Pakistan claims it foiled Islamic State expansion into country

Pakistan claims it foiled Islamic State expansion into country

PanARMENIAN.Net - Pakistan's military on Thursday, September 1 said it has crushed Islamic State's attempt to expand there, dismissing as propaganda claims by the Middle East-based Islamist militants that they had carried out a major bombing last month, Reuters reports.

The comments were, however, a rare acknowledgment by a senior Pakistani official that Islamic State, mainly based in Syria and Iraq, has had any active presence in a country that is home to myriad militant groups including the Afghan and Pakistan Taliban, al Qaeda and the Haqqani network.

Lieutenant General Asim Bajwa, the military's top spokesman, also rejected U.S. complaints that it was not acting against the Haqqani network, suspected of carrying out suicide bomb attacks in Kabul, saying Pakistan was pursuing an "indiscriminate operation" against all militants.

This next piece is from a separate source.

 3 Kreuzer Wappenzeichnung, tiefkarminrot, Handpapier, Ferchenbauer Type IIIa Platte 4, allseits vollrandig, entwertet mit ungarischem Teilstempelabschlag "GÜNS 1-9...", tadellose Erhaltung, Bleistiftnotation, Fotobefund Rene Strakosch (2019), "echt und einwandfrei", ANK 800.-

Pakistani authorities have so far arrested 309 people associated with Islamic State (IS) on its territory, he said. They were involved in attacks on media and security personnel, and were planning attacks on government, diplomatic and civilian targets, he added.

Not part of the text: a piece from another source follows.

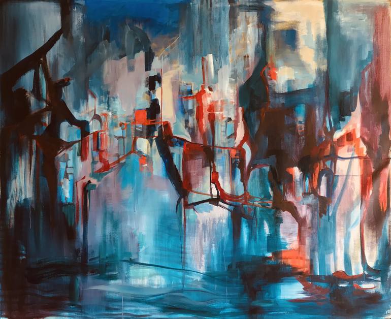 "Floating city" is a painting simultaneously grounded and fluid, with a cinematic, almost futuristic ambiance. It evokes the essence of a dreamlike urban or industrial landscape. The composition is layered with dynamic brushstrokes and a cool, moody color palette dominated by deep teals, rich navy...

"They tried to make an ingress, and they failed and they have been apprehended so far," Bajwa said.

Most of those captured by Pakistan were established Pakistani jihadists who had switched loyalties to Islamic State's self-proclaimed worldwide caliphate, but about 25 were foreigners including Afghans and some Syrians, he said.

Bajwa said that of a core group of 20 organizers, "we have captured all of them, except for one who I am sure is not in Pakistan".

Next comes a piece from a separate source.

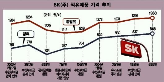 정유사들은 지난 6일 정부의 석유수입부과금 및 관세인하 조치에 따라 휘발유 등 석유제품 가격을 내린 지 1주일도 안 돼 ℓ당 5∼11원 올렸다.지난달 29일 석유제품 가격을 ℓ당 4∼8원 올렸다가 하루만인 30일 ℓ당 12원씩 내린 뒤 다시 1주일만에 인상 방침을 밝힌 것이다.이에 대해 SK㈜ 관계자는 “국제유가 상승분을 반영하느라 석유제품 가격을 인상했다가 정부의 부과금 및 관세인하 조치에 따라 내렸지만 이후 국제유가가 연일 최고가를 경신하는 등 상승세를 지속해 다시 올릴 수밖에 없었다.”고 해명했다.

He said IS fighters were still present in the Afghan provinces of Nangarhar, Khost and Kunar, which lie along the border with Pakistan.

The movement's leader for Afghanistan and Pakistan, Hafiz Saeed Khan, was killed last month by a U.S. drone strike in eastern Afghanistan.

International concern that Islamic State was establishing an operational presence in Pakistan increased after the group said it carried out a suicide bombing at a hospital in the city of Quetta that killed more than 70 people.

However, a breakaway faction of the Pakistani Taliban also claimed the hospital bombing and Bajwa said he believed the Islamic State statement was false.

"We haven't got any evidence of involvement by Daesh. I think this was just an attempt to glorify themselves," he said, using the name by which IS is also known.